The low expression of NIPs in Arabidopsis suggests that transcripts encoding NIPs may be rare also among ESTs from other species (Alexandersson et al., 2005). This indicates that many NIPs are yet to be identified in species for which a complete genomic sequence is not available. Nevertheless, we do find gymnosperm ESTs encoding NIPs that firmly cluster with NIP3s and NIP2s. Although the NIP3 group is well supported there is a large variation in the ar/R filters. The SmNIP3s can be divided into three types based on the ar/R filters (SIAR, PNAR, ANAR). Whether these also translate into differences in substrate specificity and if they differ in specificity from the other NIP3s remain to be seen. The NIP2 group contains the best characterized NIPs regarding their physiological function and have been shown to have a role in the uptake and distribution of silicic acid within the plant (Ma et al., 2006). NIP2 homologs have previously only been reported from monocots and dicots (Ma et al., 2008) but the, in this study identified, gymnosperm NIP2 suggest that this physiological function was present in a common ancestor of gymnosperms and angiosperms. Two other gymnosperm NIPs appear to correspond to the NIP1s judging from a strictly conserved ar/R filter (WVAR), although the bootstrap support for such an association is weak. Hence, both NIP1s and NIP2s may be present in many seed plants although most dicots seem to have lost the NIP2s.
SIP2s Evolved Later
The SIPs cluster together with the algal MIPC with high bootstrap support which may indicate an orthologous relationship. Intriguingly, previous analyses have indicated that MIPCs are actually more related to AQP11/12 in mammals than SIPs and this have hampered the classification of the MIPCs as SIPs (Anderberg et al., 2011). The two SIPs of P. patens and the single SIP of S. moellendorffii all clearly belong to the SIP1 group whereas the angiosperms also have a SIP2 group. The hydrophobic ar/R filter of the SIPs from moss and spikemoss also supports the SIP1 classification. Our result is consistent with previous analyses of ESTs (Johanson and Gustavsson, 2002) suggesting that SIP2s have only evolved in the angiosperms whereas SIP1s go deeper and are present in all terrestrial plants sharing a common ancestor with the mosses.

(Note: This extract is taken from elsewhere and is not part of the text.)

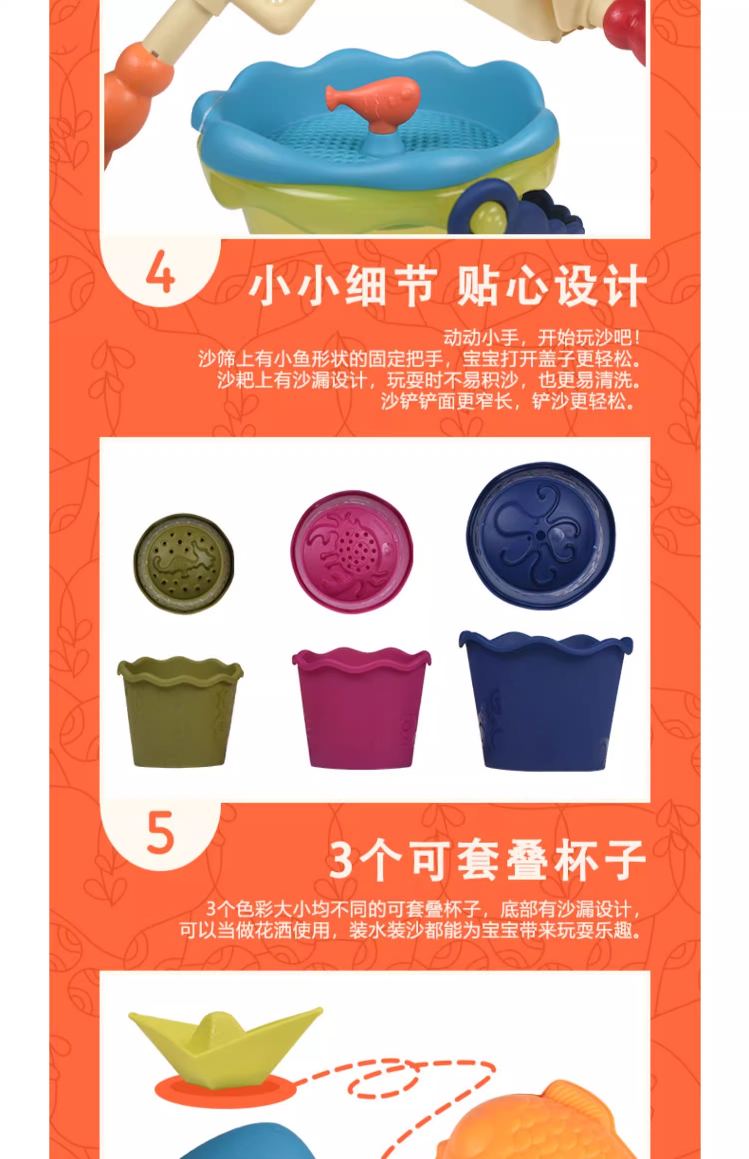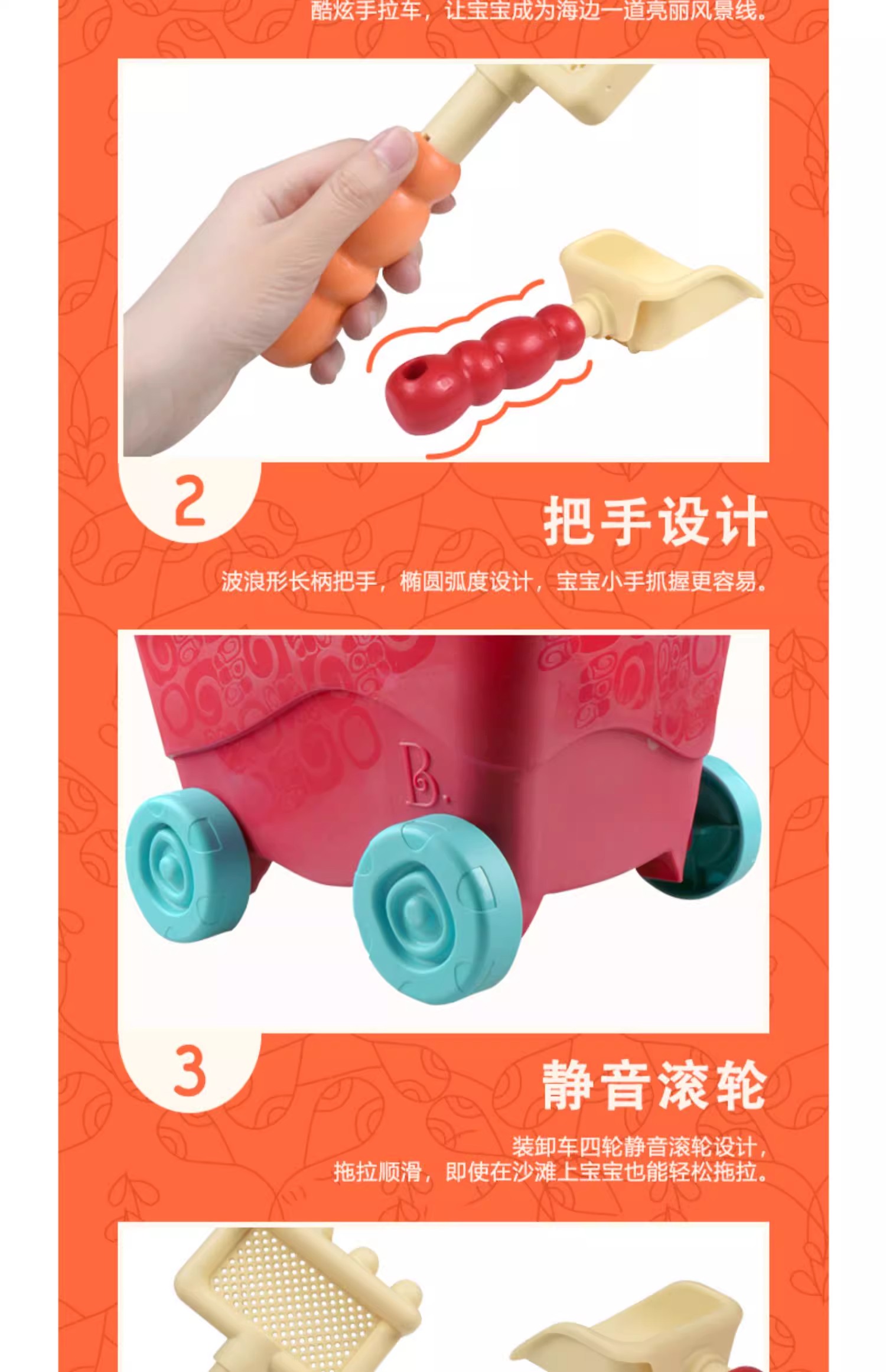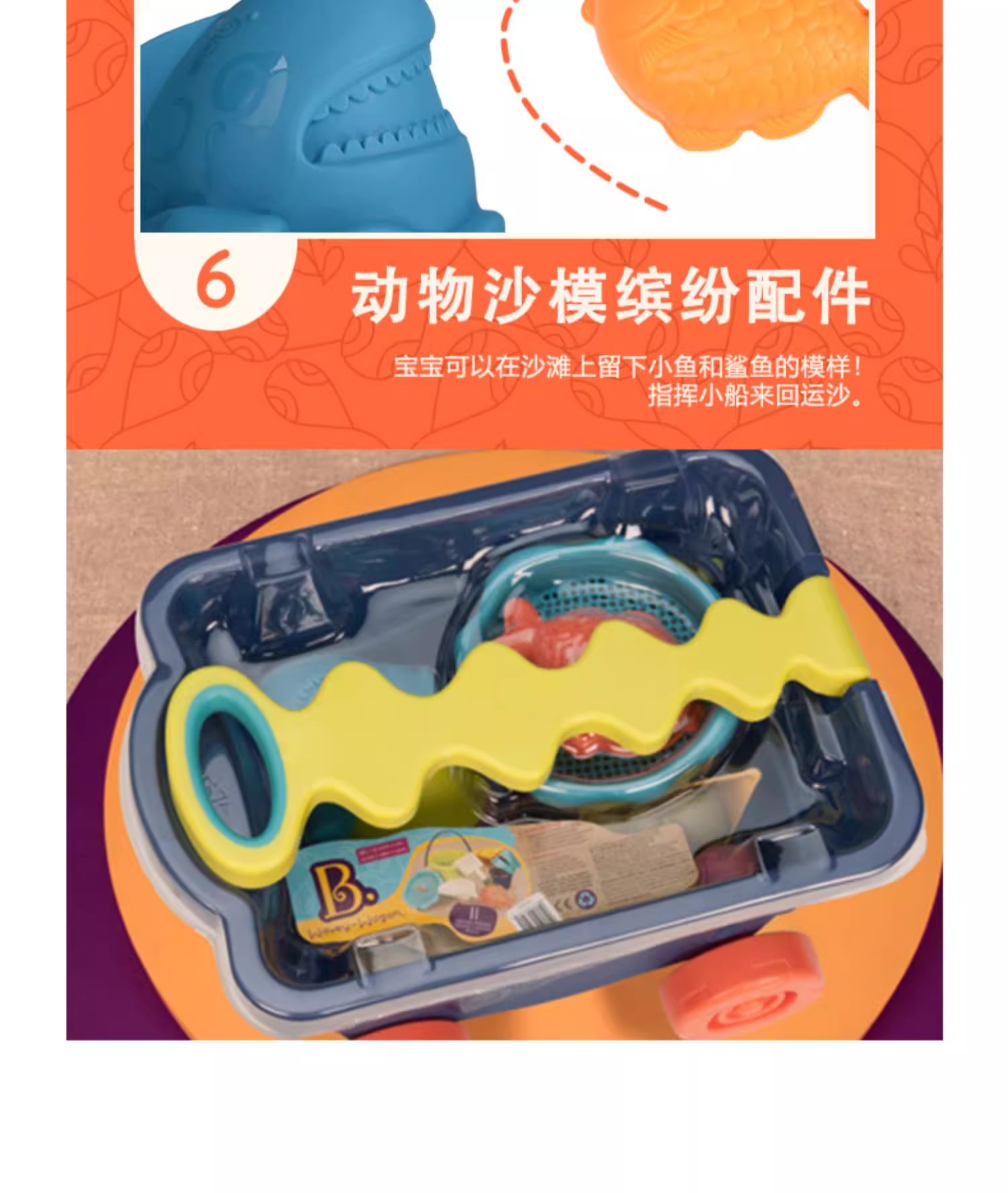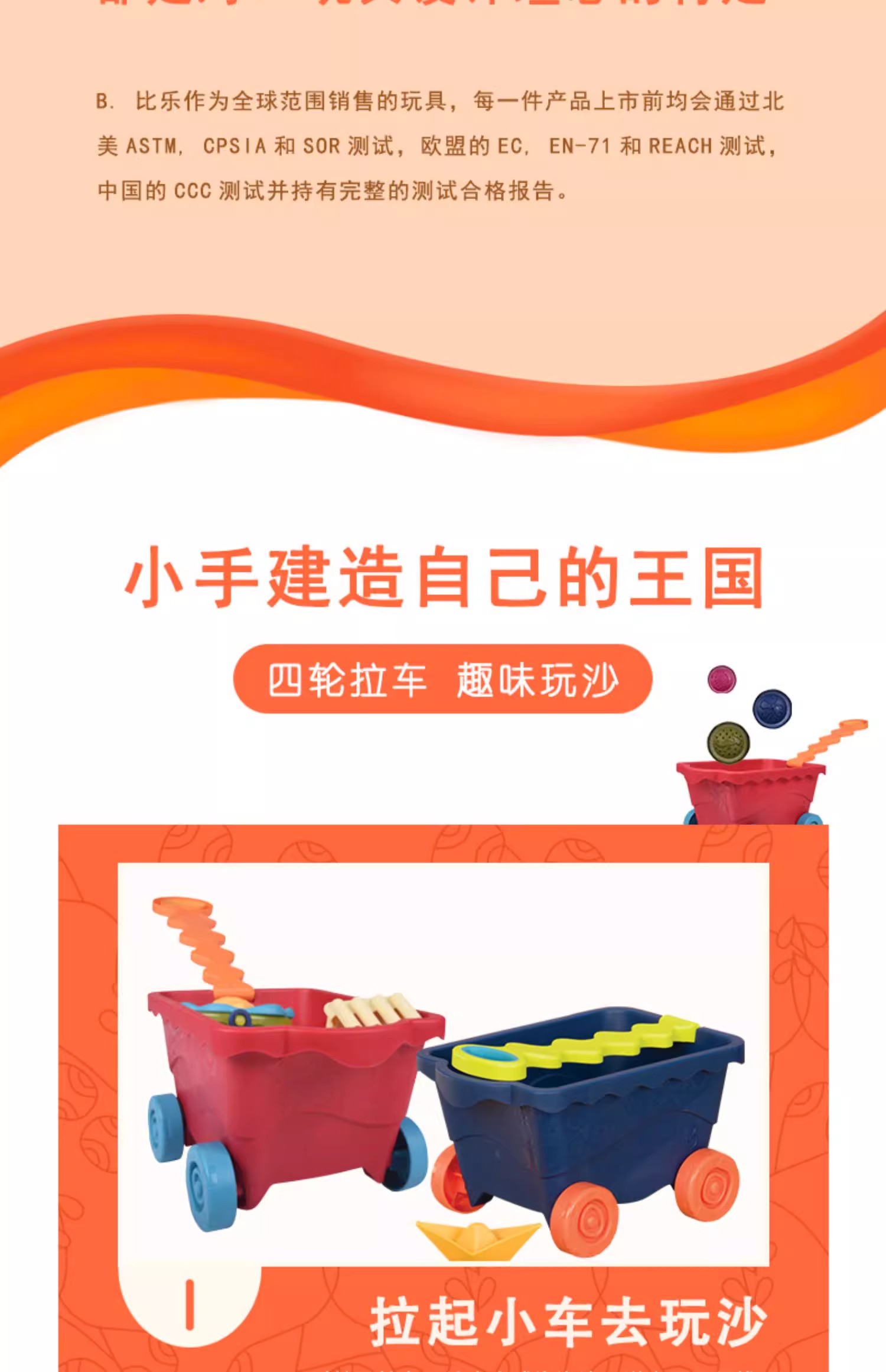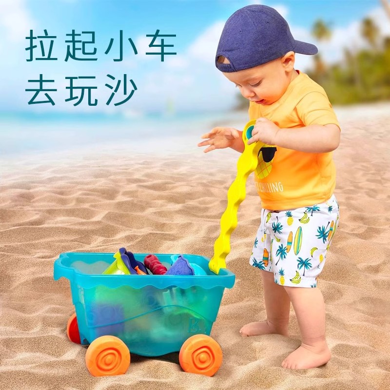 2岁+ | 美国B-toys比乐 海滩旅行车(蓝色) 玩具套装儿童沙桶铲子宝宝玩沙工具

XIPs – Alternative Alignments and Functional Redundancy
There are three XIPs encoded in the genome of S. moellendorffii compared to two in P. patens. Previous analyses have shown that XIPs from moss and spikemoss are basal to all XIPs from higher plants (Gupta and Sankararamakrishnan, 2009). So far XIPs from higher plants have only been found in dicot plants and these cluster into XIP1s and XIP2s, although the latter have only been identified in two species (Ricinus communis and Populus trichocarpa). There have been several alternative suggestions for how H5 should be aligned to reference sequences and this has resulted in alternative ar/R filters, deviating at the second position. Here we suggest yet another alignment of H5, based on hydrophobicity plots (data not shown), where the predicted transmembrane region is shifted four residues toward the N-terminus of XIPs. Like earlier alignments this would preserve a glycine or an alanine at the position corresponding to G203 in SoPIP2;1, which is important for the close packing of H5 and H2 (Bansal and Sankararamakrishnan, 2007). More importantly, all XIPs will now have a conserved glycine also at the position corresponding to F207 in SoPIP2;1, which will release the structural constraint in H2 at the position corresponding to G82 in SoPIP2;1. This is consistent with the large size variation of amino acids (G/A/S/V/F) found at this position in the XIPs. This new alignment results in a slightly more hydrophobic filter with valine at the second position in the dicot XIPs. At this position SmXIP1;3 has a threonine whereas the PpXIP1;1 and SmXIP1;1–1;2 have isoleucine or valine similar to dicot XIPs. Nevertheless, the PpXIP1;1 and SmXIP1;1–1;2 deviate from other XIPs in having a TIP-like ar/R filter with histidine in the first position. Interestingly, the XIPs have recently been lost in both monocots and in Arabidopsis. These evolutionary events as well as the change of ar/R filters in higher plants may have been possible due to a functional redundancy with TIPs. However, with the present understanding of MIP subcellular localization this scenario is unlikely since the XIPs of higher plants have been shown to be targeted to the plasma membrane (Bienert et al., 2011) whereas TIPs reside in the tonoplast (Jauh et al., 1999).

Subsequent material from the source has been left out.